* _What is being asked_:
Print each entry in full, word for word, with no pictures in the result.

[Saved entries]

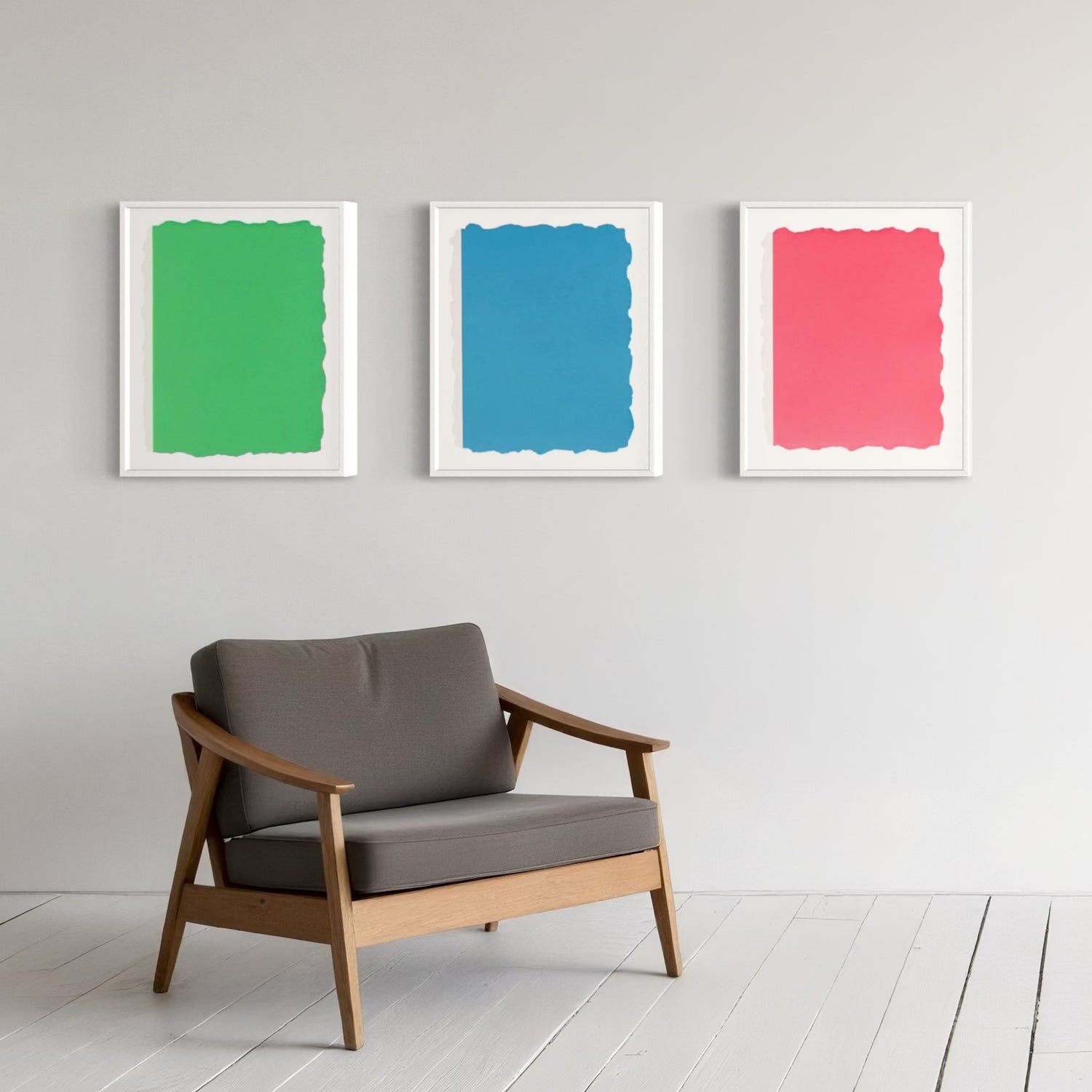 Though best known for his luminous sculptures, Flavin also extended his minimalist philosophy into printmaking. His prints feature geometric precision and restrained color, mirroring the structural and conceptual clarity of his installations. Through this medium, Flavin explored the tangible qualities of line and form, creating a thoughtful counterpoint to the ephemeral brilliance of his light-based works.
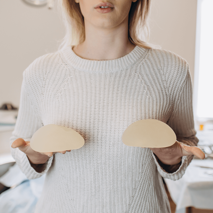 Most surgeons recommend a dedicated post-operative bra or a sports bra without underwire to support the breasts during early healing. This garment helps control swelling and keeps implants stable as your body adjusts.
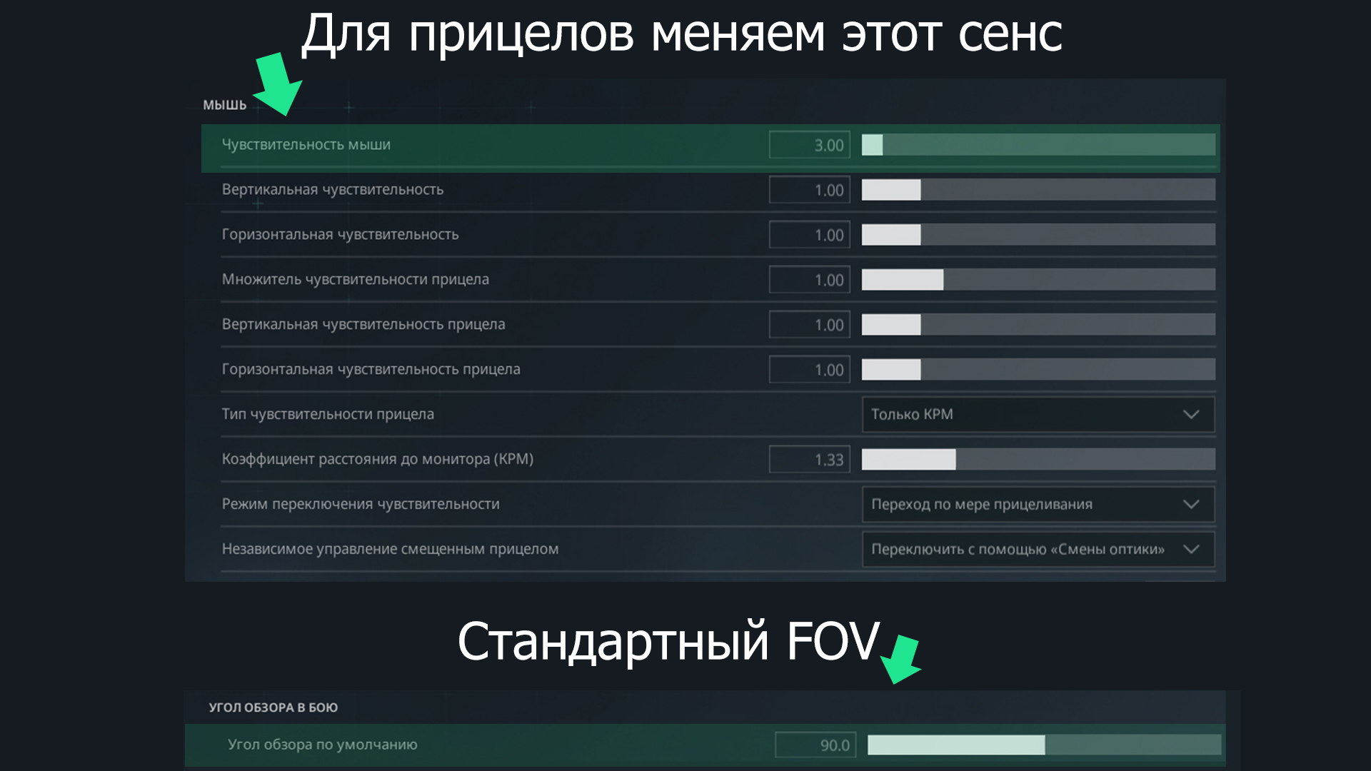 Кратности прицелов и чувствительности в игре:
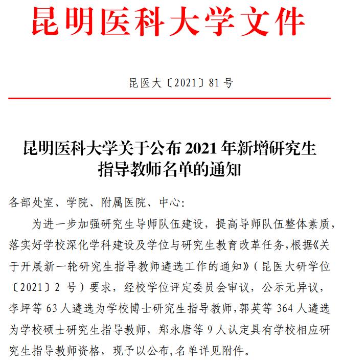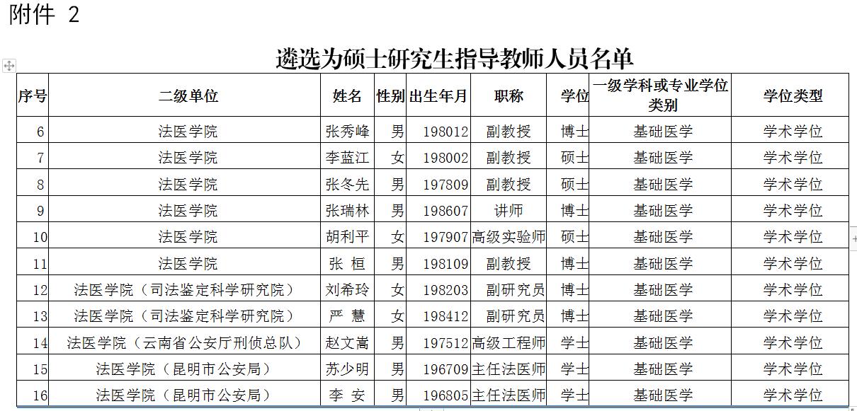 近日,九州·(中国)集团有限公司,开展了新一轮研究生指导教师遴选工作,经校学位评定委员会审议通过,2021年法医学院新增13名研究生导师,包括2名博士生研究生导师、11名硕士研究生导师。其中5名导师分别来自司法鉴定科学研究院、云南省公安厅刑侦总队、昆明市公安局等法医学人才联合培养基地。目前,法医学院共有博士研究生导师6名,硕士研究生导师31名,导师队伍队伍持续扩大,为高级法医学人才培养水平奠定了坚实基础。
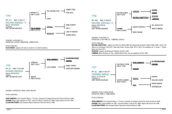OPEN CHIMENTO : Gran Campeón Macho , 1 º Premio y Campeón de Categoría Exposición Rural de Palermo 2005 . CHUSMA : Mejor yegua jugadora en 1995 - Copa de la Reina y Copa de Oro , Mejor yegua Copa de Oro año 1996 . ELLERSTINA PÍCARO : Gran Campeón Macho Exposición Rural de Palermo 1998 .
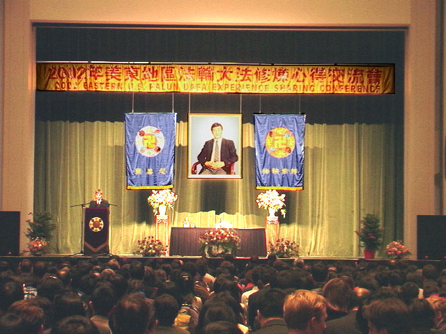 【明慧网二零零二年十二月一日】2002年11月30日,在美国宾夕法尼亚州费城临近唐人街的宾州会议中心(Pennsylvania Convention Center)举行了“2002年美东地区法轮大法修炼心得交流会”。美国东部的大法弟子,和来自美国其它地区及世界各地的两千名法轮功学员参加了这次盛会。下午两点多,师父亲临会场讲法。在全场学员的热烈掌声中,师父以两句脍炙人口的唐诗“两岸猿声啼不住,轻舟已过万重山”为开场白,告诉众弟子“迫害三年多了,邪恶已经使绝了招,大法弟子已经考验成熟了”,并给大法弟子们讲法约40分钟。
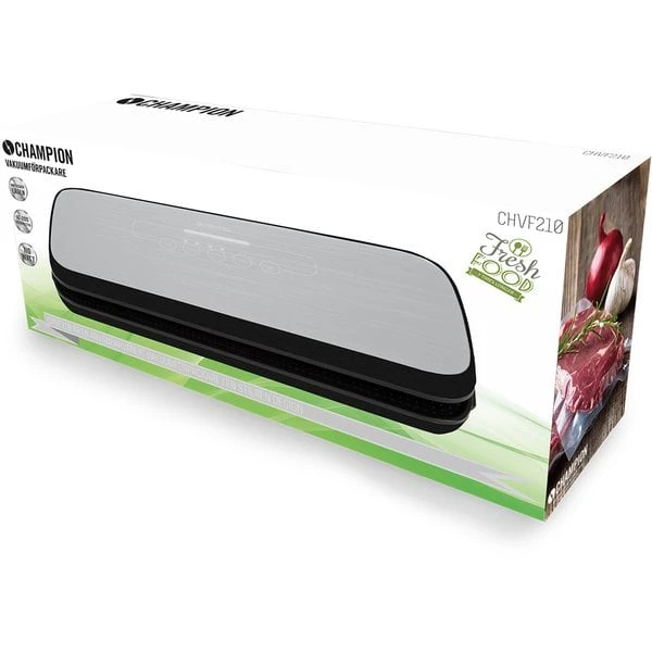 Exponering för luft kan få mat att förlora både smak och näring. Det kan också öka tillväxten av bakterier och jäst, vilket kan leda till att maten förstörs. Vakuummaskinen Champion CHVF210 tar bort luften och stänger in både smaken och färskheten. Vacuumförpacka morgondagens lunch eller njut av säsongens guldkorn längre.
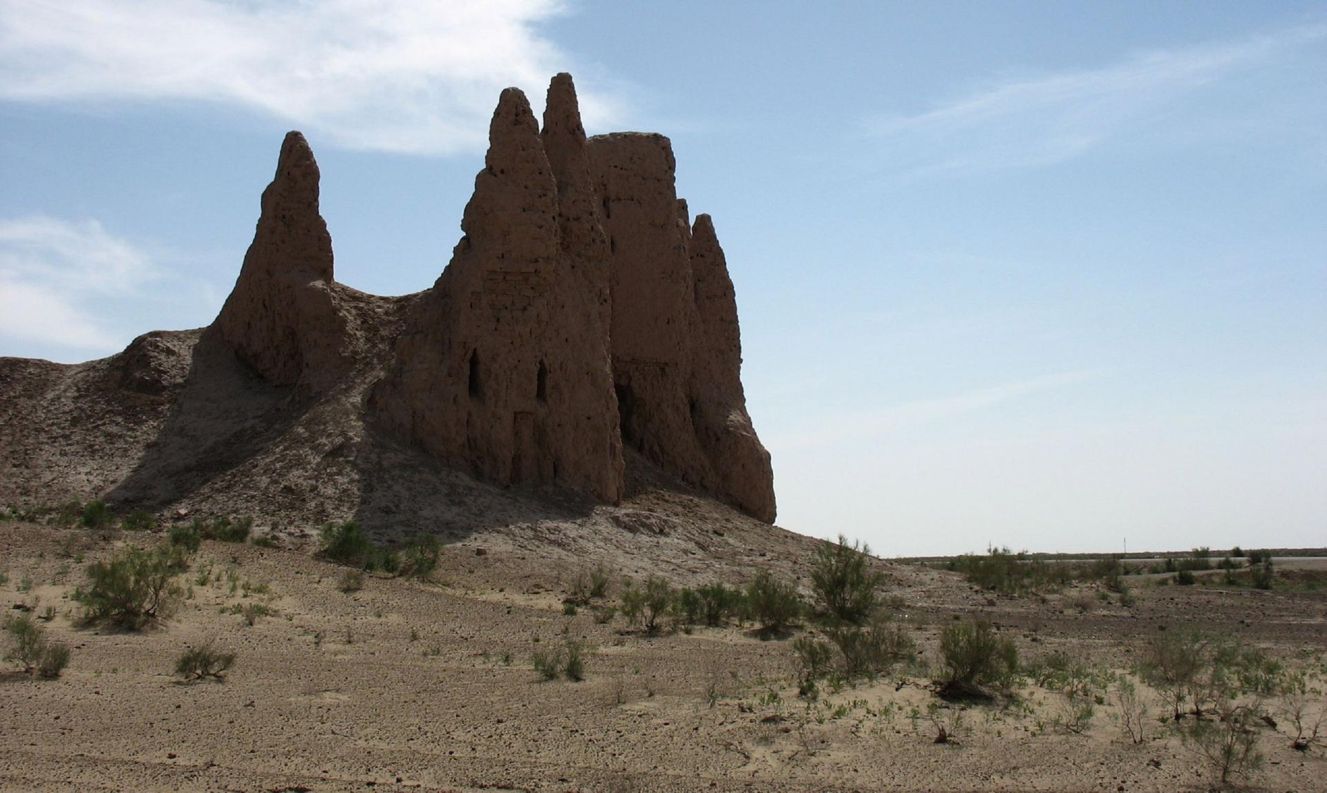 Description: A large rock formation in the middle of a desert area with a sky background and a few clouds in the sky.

* _Completed task_:
 Though best known for his luminous sculptures, Flavin also extended his minimalist philosophy into printmaking. His prints feature geometric precision and restrained color, mirroring the structural and conceptual clarity of his installations. Through this medium, Flavin explored the tangible qualities of line and form, creating a thoughtful counterpoint to the ephemeral brilliance of his light-based works.
 Most surgeons recommend a dedicated post-operative bra or a sports bra without underwire to support the breasts during early healing. This garment helps control swelling and keeps implants stable as your body adjusts.
 Кратности прицелов и чувствительности в игре:
 近日,九州·(中国)集团有限公司,开展了新一轮研究生指导教师遴选工作,经校学位评定委员会审议通过,2021年法医学院新增13名研究生导师,包括2名博士生研究生导师、11名硕士研究生导师。其中5名导师分别来自司法鉴定科学研究院、云南省公安厅刑侦总队、昆明市公安局等法医学人才联合培养基地。目前,法医学院共有博士研究生导师6名,硕士研究生导师31名,导师队伍队伍持续扩大,为高级法医学人才培养水平奠定了坚实基础。
OPEN CHIMENTO : Gran Campeón Macho , 1 º Premio y Campeón de Categoría Exposición Rural de Palermo 2005 . CHUSMA : Mejor yegua jugadora en 1995 - Copa de la Reina y Copa de Oro , Mejor yegua Copa de Oro año 1996 . ELLERSTINA PÍCARO : Gran Campeón Macho Exposición Rural de Palermo 1998 .
 【明慧网二零零二年十二月一日】2002年11月30日,在美国宾夕法尼亚州费城临近唐人街的宾州会议中心(Pennsylvania Convention Center)举行了“2002年美东地区法轮大法修炼心得交流会”。美国东部的大法弟子,和来自美国其它地区及世界各地的两千名法轮功学员参加了这次盛会。下午两点多,师父亲临会场讲法。在全场学员的热烈掌声中,师父以两句脍炙人口的唐诗“两岸猿声啼不住,轻舟已过万重山”为开场白,告诉众弟子“迫害三年多了,邪恶已经使绝了招,大法弟子已经考验成熟了”,并给大法弟子们讲法约40分钟。
 Exponering för luft kan få mat att förlora både smak och näring. Det kan också öka tillväxten av bakterier och jäst, vilket kan leda till att maten förstörs. Vakuummaskinen Champion CHVF210 tar bort luften och stänger in både smaken och färskheten. Vacuumförpacka morgondagens lunch eller njut av säsongens guldkorn längre.
 Description: A large rock formation in the middle of a desert area with a sky background and a few clouds in the sky.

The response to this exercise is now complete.